Fw: CRS job notification

From: Betty McBreen (mcbreen@sgs1.hirg.bnl.gov)
Date: Tue Feb 11 2003 - 08:55:00 EST

  • Next message: Eun-Joo Kim: "drift velocity"
    ----- Original Message -----
    From: "Tony W. Chan" <tony@voyager.rhic.bnl.gov>
    To: <mcbreen@bnl.gov>; <ejkim@bnl.gov>; <chujo@bnl.gov>; <momchil@bnl.gov>;
    <burt@bnl.gov>; <belt@bnl.gov>; <didenko@bnl.gov>; <jeromel@bnl.gov>
    Cc: <throwe@bnl.gov>; <tomw@bnl.gov>
    Sent: Monday, February 10, 2003 5:27 PM
    Subject: CRS job notification
    
    
    > Hi,                            Feb. 10, 2003
    >
    > After lots of debugging, I put into production
    > a enhanced CRS job notification protocol. There
    > are now 4 new categories of job failures that
    > will notify whoever has been designated in the
    > JDF file (i.e., bramreco, phnxreco, phobreco,
    > starreco). In principle, it will go to either
    > rcrsuser1 or rcrsuser2 (when available). The
    > default (if database is missing that info)

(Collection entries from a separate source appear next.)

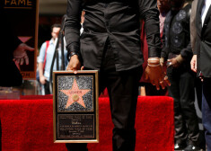 Ašers atklāj zvaigzni Holivudas slavas alejā. FOTO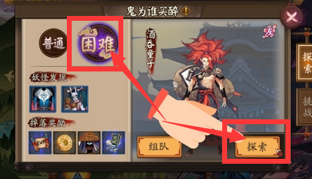 第三步,模式选择处点击【困难】选项,并点击右下方的【探索】。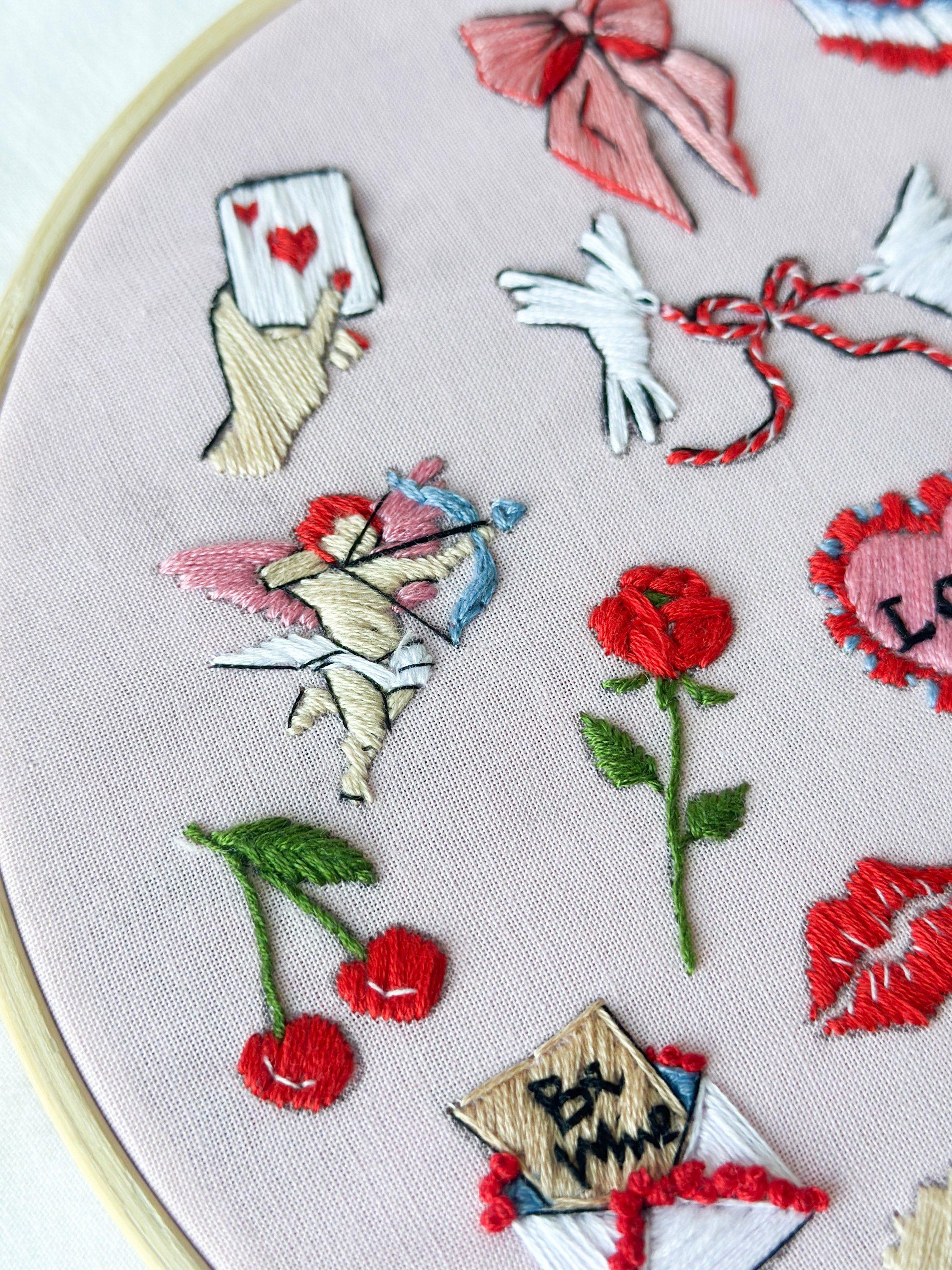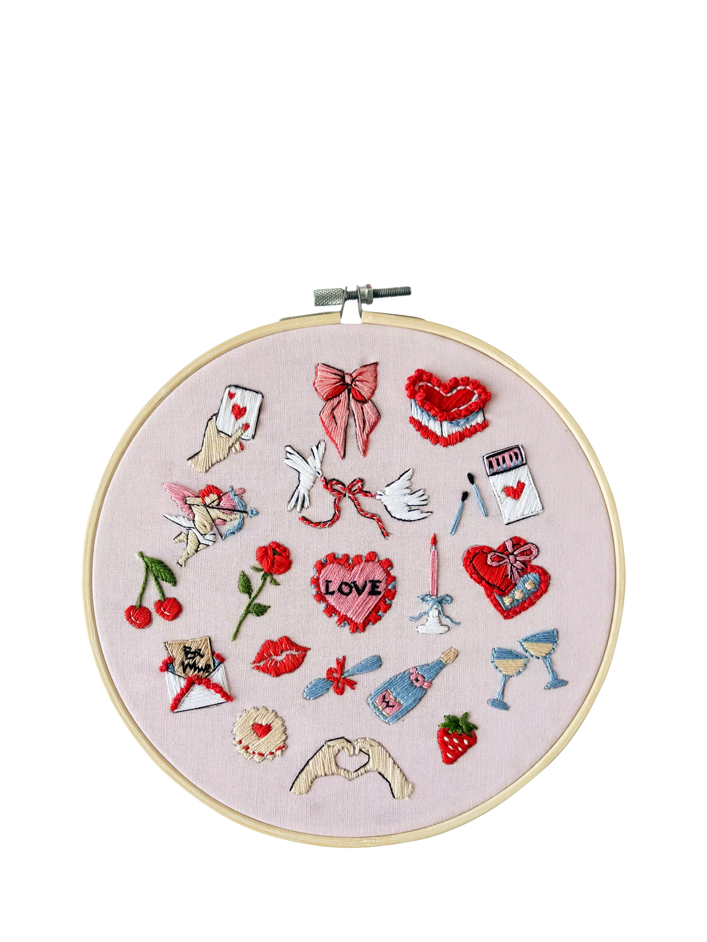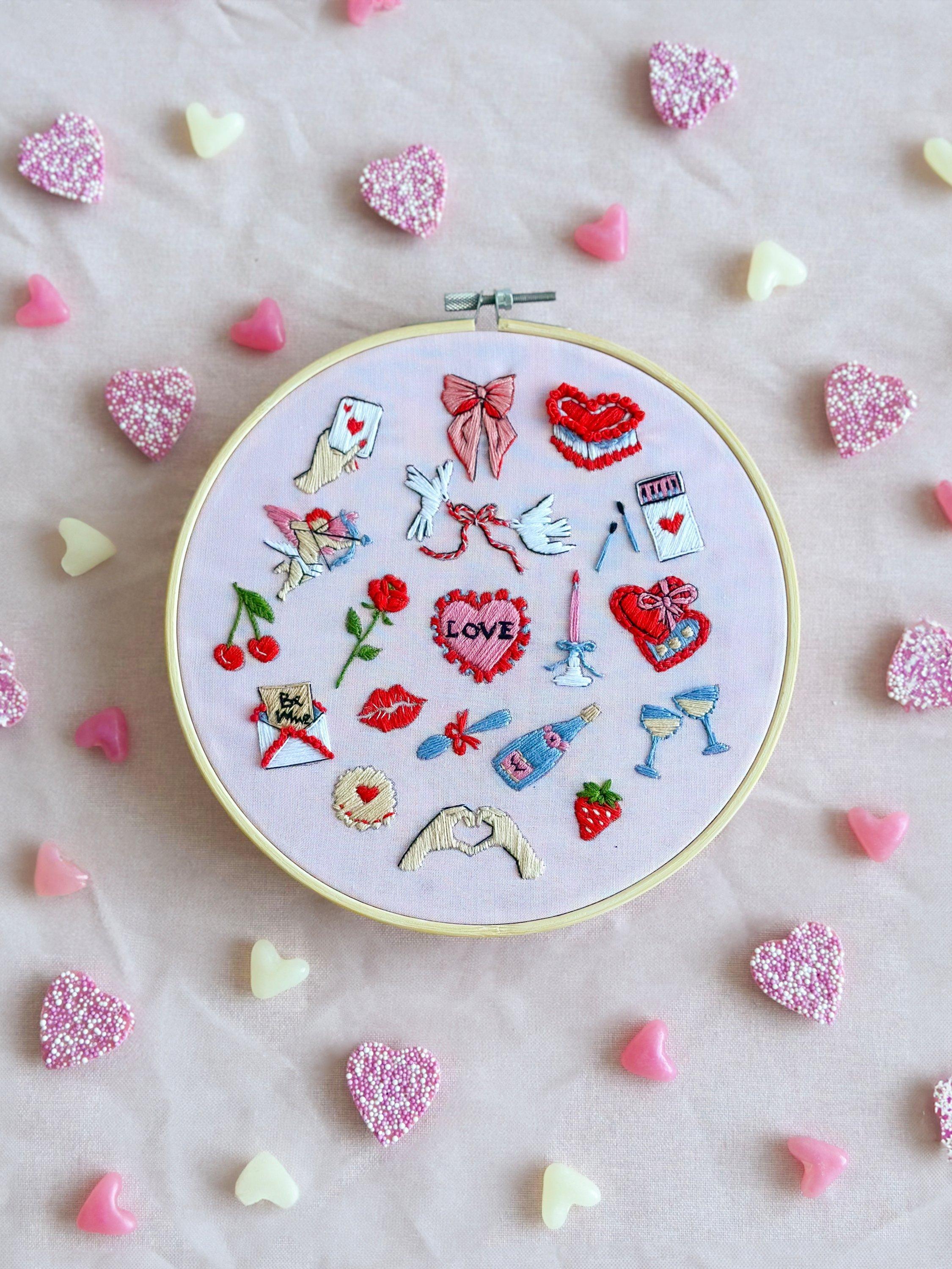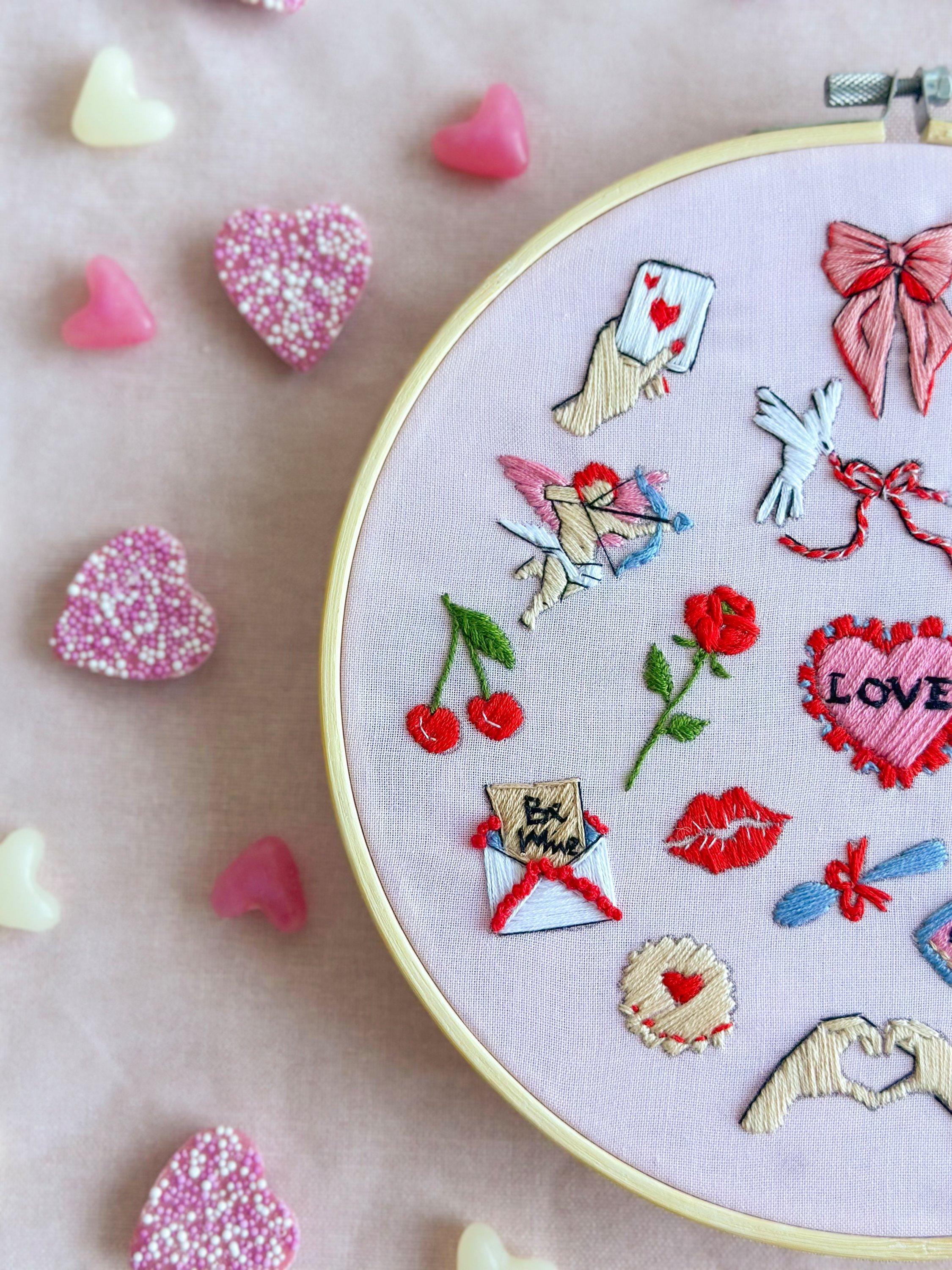 Craft your own keepsake of affection with this romantic 8-inch embroidery sampler, exquisitely designed to capture the essence of timeless romance. Inspired by the beautiful tradition of antique love tokens, this project becomes a treasured, personal gift for Valentine’s Day, a cherished anniversary, or a unique wedding present.

    > is rcrsuser1. If you get a message with one
    > of the following key words, it means the
    > faulty job has been cleaned up, and you should
    > resubmit it.
    >
    > This type of notification will only occur twice
    > a day per experiment, since I use a cron job to
    > look for these discrepancies. I limit it to twice
    > a day to avoid overloading the database with
    > requests.
    >
    > Please pass this message to the person(s) submitting
    > jobs for your respective experiment to notify them
    > of this update. Thanks.
    >
    > Cheers,
    >
    > Tony
    >
    > *****************************************************
    >
    > 1) transfer failed --> job in database, but not in
    >                        the assigned node. One or
    >                        more of the input and/or
    >                        JDF file(s) did not transfer
    >                        successfully to CRS node
    >
    > 2) msg. failed     --> job status says "executing",
    >                        but "ps" shows job not running.

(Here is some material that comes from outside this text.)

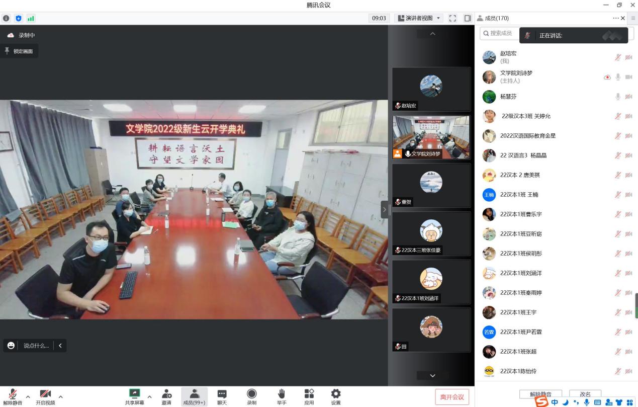 白露时节、邢襄九月、天高云淡、秋意盎然。9月13日上午,文学院通过视频方式,隆重举行“文学院2022级新生云开学典礼”。文学院党委书记施江斌主持。文学院党委副书记李伟、文学院副院长范爱菊、党政综合办公室卫三强、教学科研办公室刘诗梦、文学教研室主任高邢生、教师代表任慧群、海外高层次人才越南籍教师范氏清华、优秀校友代表董贺、高年级学生代表沈乾雨和2022级全体同学参加了典礼活动。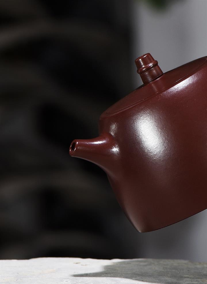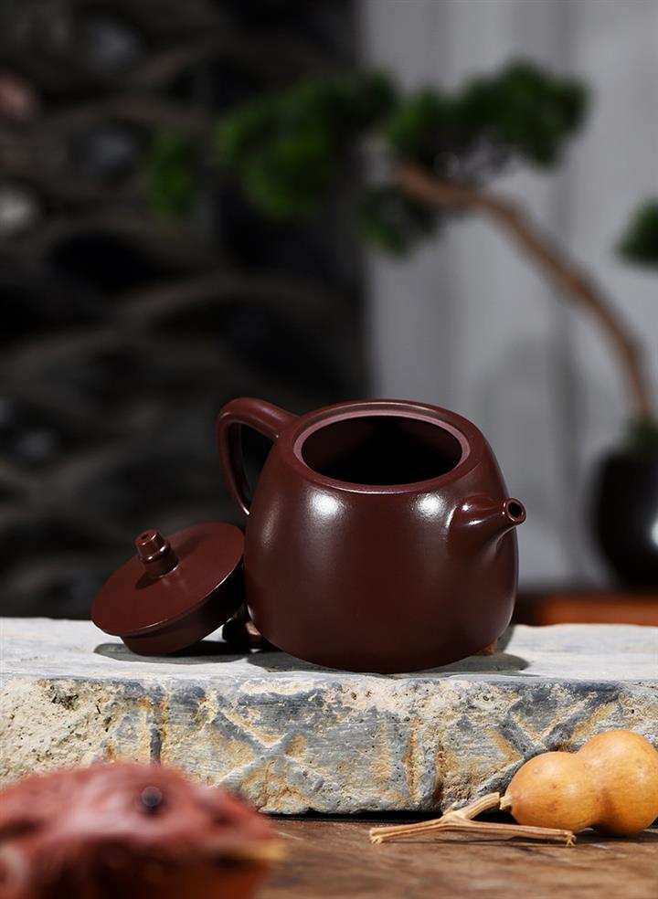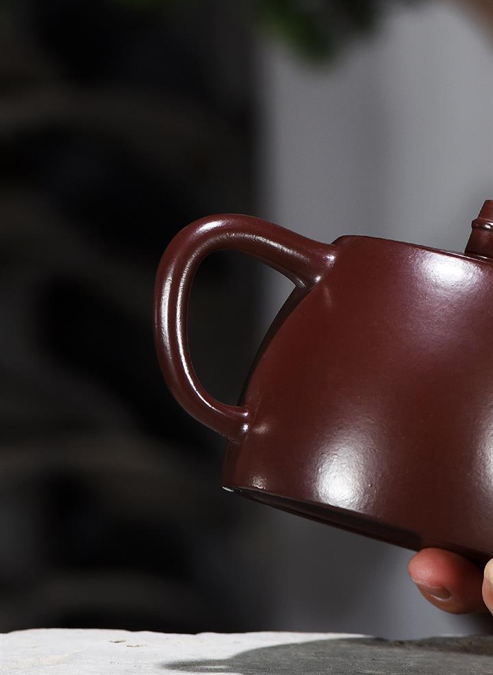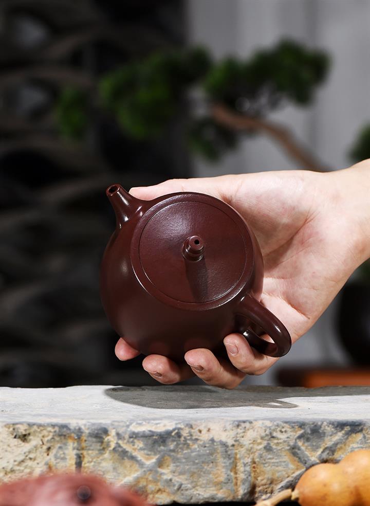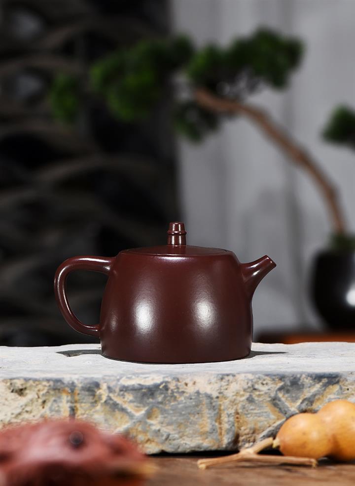 【泥料特點】砂土氣重,似淳實農民,日久使用,漸露鋒芒,養成變化,溫潤莊重。紫砂是壹種雙重氣孔結構的多孔性材質,氣孔微細,密度高。用紫砂壺沏茶,不失原味,且香不渙散,得茶之真香真味。紫砂使用越久,壺身色澤越發光亮照人,氣韻溫雅。紫砂壺長久使用器身會因撫摸擦拭,變得越發溫潤光澤。

    >                        Assume failed to "transfer out"
    >                        due to message passing failure.
    >
    > 3) db failed (1)   --> job in node (and # of "running"
    >                        jobs in db > 0), but partial db
    >                        info is missing. Assume db update
    >                        failed.
    >
    > 4) db failed (2)   --> job in node (and # of "running"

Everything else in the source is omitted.